◆ **Work task**: Would you please copy all of the data exactly, skipping the images?

◆ **Information supplied**:
..............................

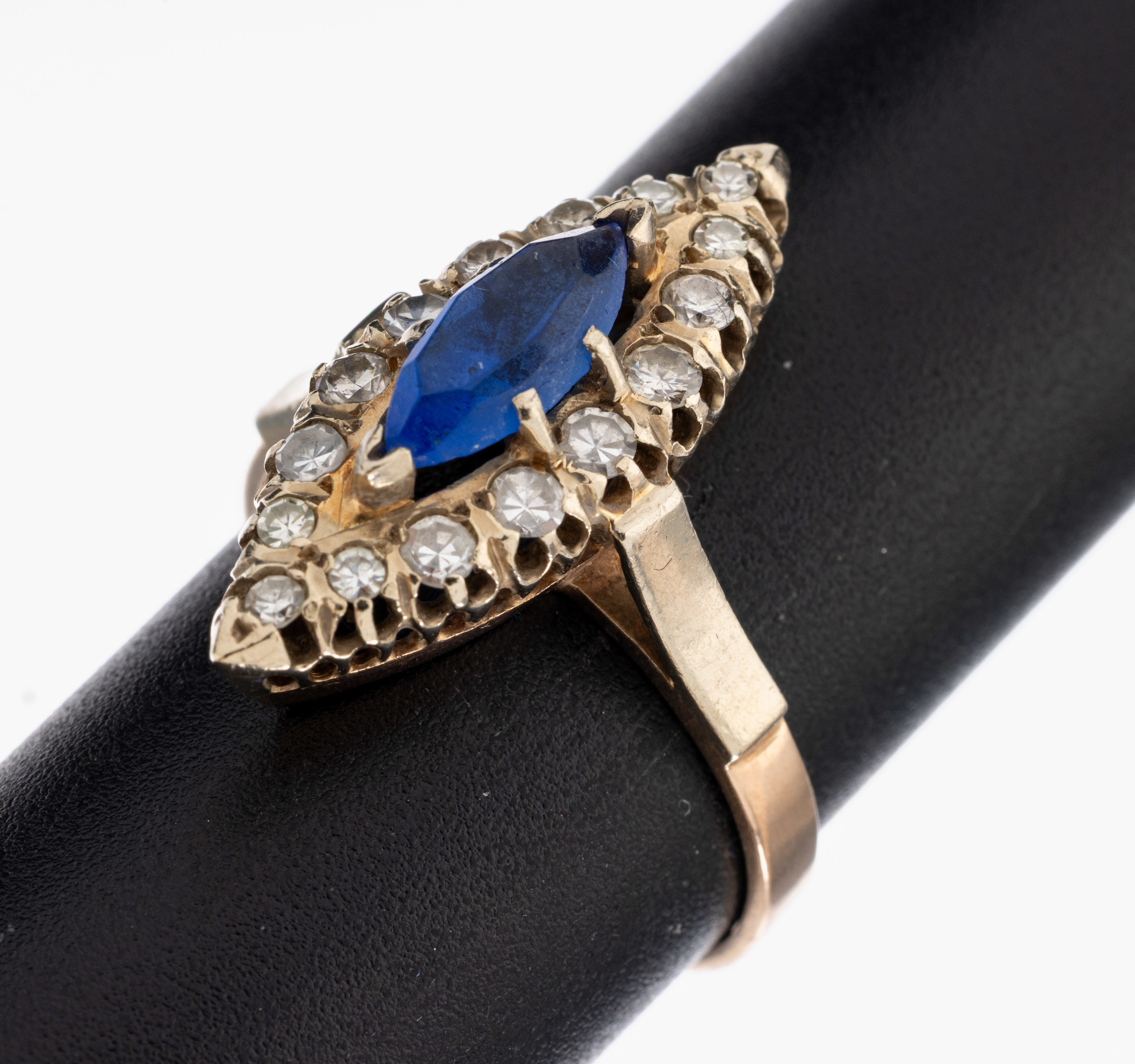 14 kt Gold Farbstein-Diamant-Ring, Russland 1960er Jahre, GG 583/000, navettef. Ringkopf,
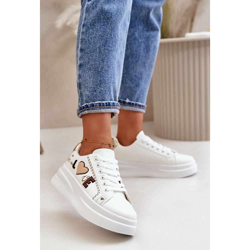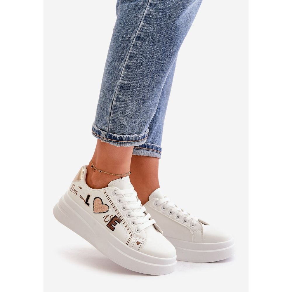 Detalhes: Tênis plataforma feminino com inscrição decorativa de amor, branco Orlian
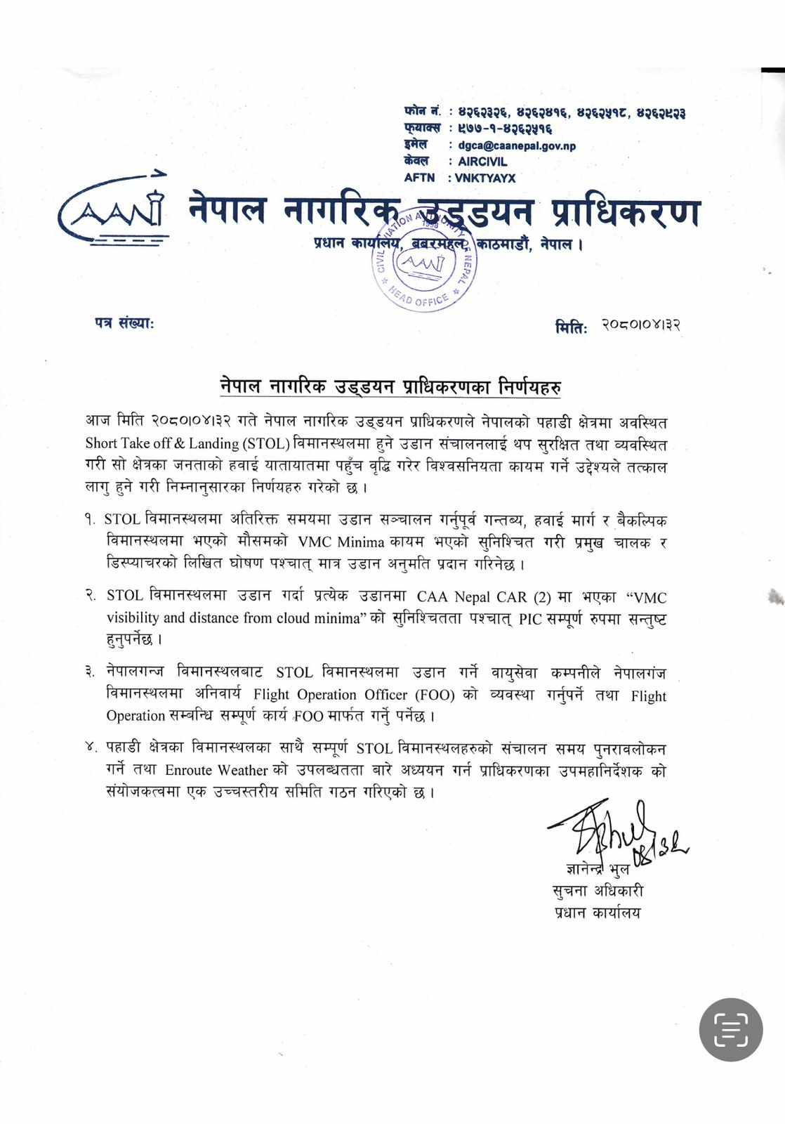 त्यस्तै पहाडी क्षेत्रका विमानस्थलका साथै सम्पूूर्ण स्टोल विमानस्थलहरुको संचालन समय पुनरावलोकन गर्ने तथा Enroute weather को उपलब्धताबारे अध्ययन गर्ने प्राधिकरणका उपमहानिर्देशकको संयोजकत्वमा एक उच्चस्तरीय समिति समेत गठन गरिएको जानकारी दिइएको छ ।

..............................

◆ **Task result**:
 14 kt Gold Farbstein-Diamant-Ring, Russland 1960er Jahre, GG 583/000, navettef. Ringkopf,
 Detalhes: Tênis plataforma feminino com inscrição decorativa de amor, branco Orlian
 त्यस्तै पहाडी क्षेत्रका विमानस्थलका साथै सम्पूूर्ण स्टोल विमानस्थलहरुको संचालन समय पुनरावलोकन गर्ने तथा Enroute weather को उपलब्धताबारे अध्ययन गर्ने प्राधिकरणका उपमहानिर्देशकको संयोजकत्वमा एक उच्चस्तरीय समिति समेत गठन गरिएको जानकारी दिइएको छ ।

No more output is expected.